• _Source material_
•••
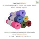 - Ergonomic Colors – Did you know the right choice of colors on your yoga mat can help enhance relaxation during postures where you lie closer to the ground? 366.Factory yoga mats are made using such well researched ergonomic colors.
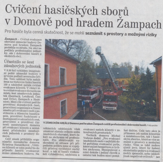 Námětové cvičení hasičských sborů v domovu - Cvičná evakuace 31.10.2012
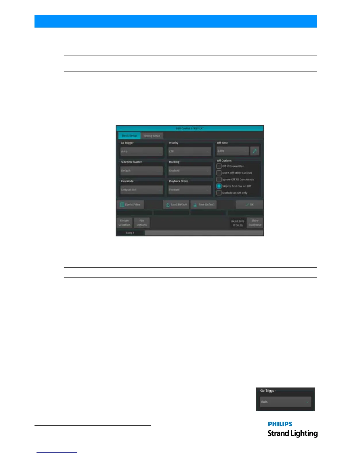 The Go Trigger field defines how a Cuelist will be run. The default option is Auto.
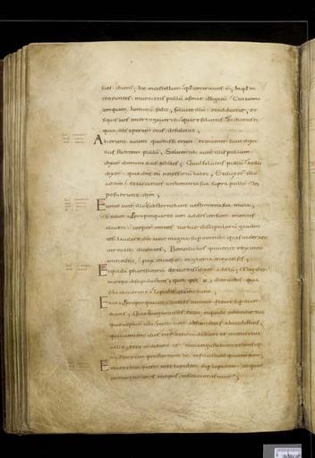 | Keywords: MCC-61050 Evangeliarium (Lebuïnuscodex) (205).jpg Artwork nl Anonymous Noordoost-Frankrijk Anonymous Rijnland Anonymous Maasland nl De kern van de boekband van de Lebuïnuscodex wordt gevormd door twee eikenhouten platten De rug en het achterplat zijn overtrokken met zeemleer Het voorplat is rijkelijk versierd met verguld zilversmeedwerk reliëfs van walrustand en verscheidene stenen De compositie van de bekleding van het voorplat wordt bepaald door een verguld zilveren filigraankruis Aan de uiteinden van de kruisarmen bevinden zich vierpassen met overhoeks vierkant eveneens met filigraan gedecoreerd Hiervan zijn er slechts twee bewaard gebleven en wel die aan de verticale kruisarmen Zij bevatten tevens nog de oorspronkelijke versiering bestaande uit een filigraanmedaillon met een pseudo-camee van respectievelijk een mannen- en een vrouwenhoofd in profiel Het snijpunt van het kruis wordt ingenomen door een ver vooruitstekend Bacchuskopje in chalcedoon te herkennen aan de kleine druiventrosjes in zijn haartooi Het kopje is gevat in een filigraanmedaillon welke op zijn beurt weer is geplaatst op een vierpas van filigraanwerk Op elk van de kruisarmen bevindt zich een ovale steen 'en cabochon' op een medaillon met filigraan Het filigraanwerk van kruis en sierstukken is in de vorm van visblazen In de ruimten tussen de kruisarmen zijn rechthoekige reliëfs van walrustand aangebracht met de vier evangelisten en hun symbool De reliëfs hebben de volgende afmetingen H 10 0 x B 5 5 cm Van links boven naar rechts onder betreft het Mattheus met de engel Johannes met de adelaar Marcus met de gevleugelde leeuw en Lucas met de gevleugelde os De figuren zijn paarsgewijs als elkaars spiegelbeeld ten opzichte van de middenas geplaatst Mattheus en Johannes zitten vrijwel geheel frontaal terwijl Marcus en Lucas meer in profiel zijn afgebeeld Qua opbouw verschillen de vier reliëfs nauwelijks van elkaar Binnen een rand van vierlobbige blaadjes verheffen zich twee zuilen met een basis een kapiteel en een dekplaat Hierop rust een rondboog geflankeerd door twee torens en afgedekt met een fronton dat boven Mattheus en Johannes boogvormig en boven Marcus en Lucas driehoekig is Onder deze overhuiving zitten de evangelisten gekleed in een lang gewaad en mantel met gekruiste benen aan een lessenaar hun blote voeten rustend op een bankje Allen zijn baardeloos en voorzien van een nimbus Voorts houden ze een pen in hun rechterhand terwijl hun linker op een boek ligt of gebarend is opgeheven Boven elk van de evangelisten verschijnt in de opening van het fronton zijn symbool met een spreukband Dit rijkelijk gedecoreerde middenveld wordt omlijst door sierbanden van verguld koper De opbouw van de sierlijsten is steeds dezelfde een opstaande smalle band die op regelmatige afstanden is voorzien van holten met aan weerszijden een brede strook voorzien van een gestanst motief Aan de lange zijden van de boekband bestaat het motief uit palmetten aan de korte zijden uit rozetten Van deze laatstgenoemde stroken ontbreekt steeds de buitenste rand Bij alle stroken met palmettenmotief wijzen de palmetten naar links met uitzondering van de buitenste strook rechtsboven die het motief in tegengestelde richting toont Verguld zilveren rozetten op de hoeken van het voorplat omgeven door een smalle rand van filigraanwerk met cirkelmotief en bekroond met een 'en cabochon' gezette steen completeren het geheel Van de rozet links onder ontbreekt de steen en is slechts de buitenste rand over Aan de voorzijde van de boekband bevinden zich nog de rudimenten van twee sluitingen between u'825' u'1000' u'1150' u'850' u'1199' u'1199' nl perkament eikenhout zilver goud koper walrustand chalcedoon glas leer Size 35 5 26 0 cm nl Hoogte 35 5cm Breedte 26 0cm Diepte 13 5cm Institution Museum Catharijneconvent object history exhibition history credit line nl Foto Museum Catharijneconvent Utrecht foto HetFotoAtelier Peter Rothengatter accession number Object number 61050 Inventory number ABM h1 place of creation https //www catharijneconvent nl/adlib/61050/ View this work on the website of Museum Catharijneconvent Museum Catharijneconvent Cc-zero <gallery> File MCC-61050_Evangeliarium_Lebuïnuscodex_ 11 jpg File MCC-61050_Evangeliarium_Lebuïnuscodex_ 172 jpg File MCC-61050_Evangeliarium_Lebuïnuscodex_ 212 jpg File MCC-61050_Evangeliarium_Lebuïnuscodex_ 61 jpg File MCC-61050_Evangeliarium_Lebuïnuscodex_ 12 jpg File MCC-61050_Evangeliarium_Lebuïnuscodex_ 213 jpg File MCC-61050_Evangeliarium_Lebuïnuscodex_ 56 jpg File MCC-61050_Evangeliarium_Lebuïnuscodex_ 232 jpg File MCC-61050_Evangeliarium_Lebuïnuscodex_ 93 jpg File MCC-61050_Evangeliarium_Lebuïnuscodex_ 99 jpg File MCC-61050_Evangeliarium_Lebuïnuscodex_ 184 jpg File MCC-61050_Evangeliarium_Lebuïnuscodex_ 64 jpg File MCC-61050_Evangeliarium_Lebuïnuscodex_ 299 jpg File MCC-61050_Evangeliarium_Lebuïnuscodex_ 86 jpg File MCC-61050_Evangeliarium_Lebuïnuscodex_ 260 jpg File MCC-61050_Evangeliarium_Lebuïnuscodex_ 159 jpg File MCC-61050_Evangeliarium_Lebuïnuscodex_ 247 jpg File MCC-61050_Evangeliarium_Lebuïnuscodex_ 180 jpg File MCC-61050_Evangeliarium_Lebuïnuscodex_ 121 jpg File MCC-61050_Evangeliarium_Lebuïnuscodex_ 315 jpg File MCC-61050_Evangeliarium_Lebuïnuscodex_ 284 jpg File MCC-61050_Evangeliarium_Lebuïnuscodex_ 33 jpg File MCC-61050_Evangeliarium_Lebuïnuscodex_ 44 jpg File MCC-61050_Evangeliarium_Lebuïnuscodex_ 258 jpg File MCC-61050_Evangeliarium_Lebuïnuscodex_ 237 jpg File MCC-61050_Evangeliarium_Lebuïnuscodex_ 20 jpg File MCC-61050_Evangeliarium_Lebuïnuscodex_ 220 jpg File MCC-61050_Evangeliarium_Lebuïnuscodex_ 279 jpg File MCC-61050_Evangeliarium_Lebuïnuscodex_ 183 jpg File MCC-61050_Evangeliarium_Lebuïnuscodex_ 60 jpg File MCC-61050_Evangeliarium_Lebuïnuscodex_ 166 jpg File MCC-61050_Evangeliarium_Lebuïnuscodex_ 97 jpg File MCC-61050_Evangeliarium_Lebuïnuscodex_ 71 jpg File MCC-61050_Evangeliarium_Lebuïnuscodex_ 132 jpg File MCC-61050_Evangeliarium_Lebuïn
•••
• _Work instruction_
An exact copy of the listing is required, with every image removed.

• _Result of the exercise_
 - Ergonomic Colors – Did you know the right choice of colors on your yoga mat can help enhance relaxation during postures where you lie closer to the ground? 366.Factory yoga mats are made using such well researched ergonomic colors.
 Námětové cvičení hasičských sborů v domovu - Cvičná evakuace 31.10.2012
 The Go Trigger field defines how a Cuelist will be run. The default option is Auto.
 | Keywords: MCC-61050 Evangeliarium (Lebuïnuscodex) (205).jpg Artwork nl Anonymous Noordoost-Frankrijk Anonymous Rijnland Anonymous Maasland nl De kern van de boekband van de Lebuïnuscodex wordt gevormd door twee eikenhouten platten De rug en het achterplat zijn overtrokken met zeemleer Het voorplat is rijkelijk versierd met verguld zilversmeedwerk reliëfs van walrustand en verscheidene stenen De compositie van de bekleding van het voorplat wordt bepaald door een verguld zilveren filigraankruis Aan de uiteinden van de kruisarmen bevinden zich vierpassen met overhoeks vierkant eveneens met filigraan gedecoreerd Hiervan zijn er slechts twee bewaard gebleven en wel die aan de verticale kruisarmen Zij bevatten tevens nog de oorspronkelijke versiering bestaande uit een filigraanmedaillon met een pseudo-camee van respectievelijk een mannen- en een vrouwenhoofd in profiel Het snijpunt van het kruis wordt ingenomen door een ver vooruitstekend Bacchuskopje in chalcedoon te herkennen aan de kleine druiventrosjes in zijn haartooi Het kopje is gevat in een filigraanmedaillon welke op zijn beurt weer is geplaatst op een vierpas van filigraanwerk Op elk van de kruisarmen bevindt zich een ovale steen 'en cabochon' op een medaillon met filigraan Het filigraanwerk van kruis en sierstukken is in de vorm van visblazen In de ruimten tussen de kruisarmen zijn rechthoekige reliëfs van walrustand aangebracht met de vier evangelisten en hun symbool De reliëfs hebben de volgende afmetingen H 10 0 x B 5 5 cm Van links boven naar rechts onder betreft het Mattheus met de engel Johannes met de adelaar Marcus met de gevleugelde leeuw en Lucas met de gevleugelde os De figuren zijn paarsgewijs als elkaars spiegelbeeld ten opzichte van de middenas geplaatst Mattheus en Johannes zitten vrijwel geheel frontaal terwijl Marcus en Lucas meer in profiel zijn afgebeeld Qua opbouw verschillen de vier reliëfs nauwelijks van elkaar Binnen een rand van vierlobbige blaadjes verheffen zich twee zuilen met een basis een kapiteel en een dekplaat Hierop rust een rondboog geflankeerd door twee torens en afgedekt met een fronton dat boven Mattheus en Johannes boogvormig en boven Marcus en Lucas driehoekig is Onder deze overhuiving zitten de evangelisten gekleed in een lang gewaad en mantel met gekruiste benen aan een lessenaar hun blote voeten rustend op een bankje Allen zijn baardeloos en voorzien van een nimbus Voorts houden ze een pen in hun rechterhand terwijl hun linker op een boek ligt of gebarend is opgeheven Boven elk van de evangelisten verschijnt in de opening van het fronton zijn symbool met een spreukband Dit rijkelijk gedecoreerde middenveld wordt omlijst door sierbanden van verguld koper De opbouw van de sierlijsten is steeds dezelfde een opstaande smalle band die op regelmatige afstanden is voorzien van holten met aan weerszijden een brede strook voorzien van een gestanst motief Aan de lange zijden van de boekband bestaat het motief uit palmetten aan de korte zijden uit rozetten Van deze laatstgenoemde stroken ontbreekt steeds de buitenste rand Bij alle stroken met palmettenmotief wijzen de palmetten naar links met uitzondering van de buitenste strook rechtsboven die het motief in tegengestelde richting toont Verguld zilveren rozetten op de hoeken van het voorplat omgeven door een smalle rand van filigraanwerk met cirkelmotief en bekroond met een 'en cabochon' gezette steen completeren het geheel Van de rozet links onder ontbreekt de steen en is slechts de buitenste rand over Aan de voorzijde van de boekband bevinden zich nog de rudimenten van twee sluitingen between u'825' u'1000' u'1150' u'850' u'1199' u'1199' nl perkament eikenhout zilver goud koper walrustand chalcedoon glas leer Size 35 5 26 0 cm nl Hoogte 35 5cm Breedte 26 0cm Diepte 13 5cm Institution Museum Catharijneconvent object history exhibition history credit line nl Foto Museum Catharijneconvent Utrecht foto HetFotoAtelier Peter Rothengatter accession number Object number 61050 Inventory number ABM h1 place of creation https //www catharijneconvent nl/adlib/61050/ View this work on the website of Museum Catharijneconvent Museum Catharijneconvent Cc-zero <gallery> File MCC-61050_Evangeliarium_Lebuïnuscodex_ 11 jpg File MCC-61050_Evangeliarium_Lebuïnuscodex_ 172 jpg File MCC-61050_Evangeliarium_Lebuïnuscodex_ 212 jpg File MCC-61050_Evangeliarium_Lebuïnuscodex_ 61 jpg File MCC-61050_Evangeliarium_Lebuïnuscodex_ 12 jpg File MCC-61050_Evangeliarium_Lebuïnuscodex_ 213 jpg File MCC-61050_Evangeliarium_Lebuïnuscodex_ 56 jpg File MCC-61050_Evangeliarium_Lebuïnuscodex_ 232 jpg File MCC-61050_Evangeliarium_Lebuïnuscodex_ 93 jpg File MCC-61050_Evangeliarium_Lebuïnuscodex_ 99 jpg File MCC-61050_Evangeliarium_Lebuïnuscodex_ 184 jpg File MCC-61050_Evangeliarium_Lebuïnuscodex_ 64 jpg File MCC-61050_Evangeliarium_Lebuïnuscodex_ 299 jpg File MCC-61050_Evangeliarium_Lebuïnuscodex_ 86 jpg File MCC-61050_Evangeliarium_Lebuïnuscodex_ 260 jpg File MCC-61050_Evangeliarium_Lebuïnuscodex_ 159 jpg File MCC-61050_Evangeliarium_Lebuïnuscodex_ 247 jpg File MCC-61050_Evangeliarium_Lebuïnuscodex_ 180 jpg File MCC-61050_Evangeliarium_Lebuïnuscodex_ 121 jpg File MCC-61050_Evangeliarium_Lebuïnuscodex_ 315 jpg File MCC-61050_Evangeliarium_Lebuïnuscodex_ 284 jpg File MCC-61050_Evangeliarium_Lebuïnuscodex_ 33 jpg File MCC-61050_Evangeliarium_Lebuïnuscodex_ 44 jpg File MCC-61050_Evangeliarium_Lebuïnuscodex_ 258 jpg File MCC-61050_Evangeliarium_Lebuïnuscodex_ 237 jpg File MCC-61050_Evangeliarium_Lebuïnuscodex_ 20 jpg File MCC-61050_Evangeliarium_Lebuïnuscodex_ 220 jpg File MCC-61050_Evangeliarium_Lebuïnuscodex_ 279 jpg File MCC-61050_Evangeliarium_Lebuïnuscodex_ 183 jpg File MCC-61050_Evangeliarium_Lebuïnuscodex_ 60 jpg File MCC-61050_Evangeliarium_Lebuïnuscodex_ 166 jpg File MCC-61050_Evangeliarium_Lebuïnuscodex_ 97 jpg File MCC-61050_Evangeliarium_Lebuïnuscodex_ 71 jpg File MCC-61050_Evangeliarium_Lebuïnuscodex_ 132 jpg File MCC-61050_Evangeliarium_Lebuïn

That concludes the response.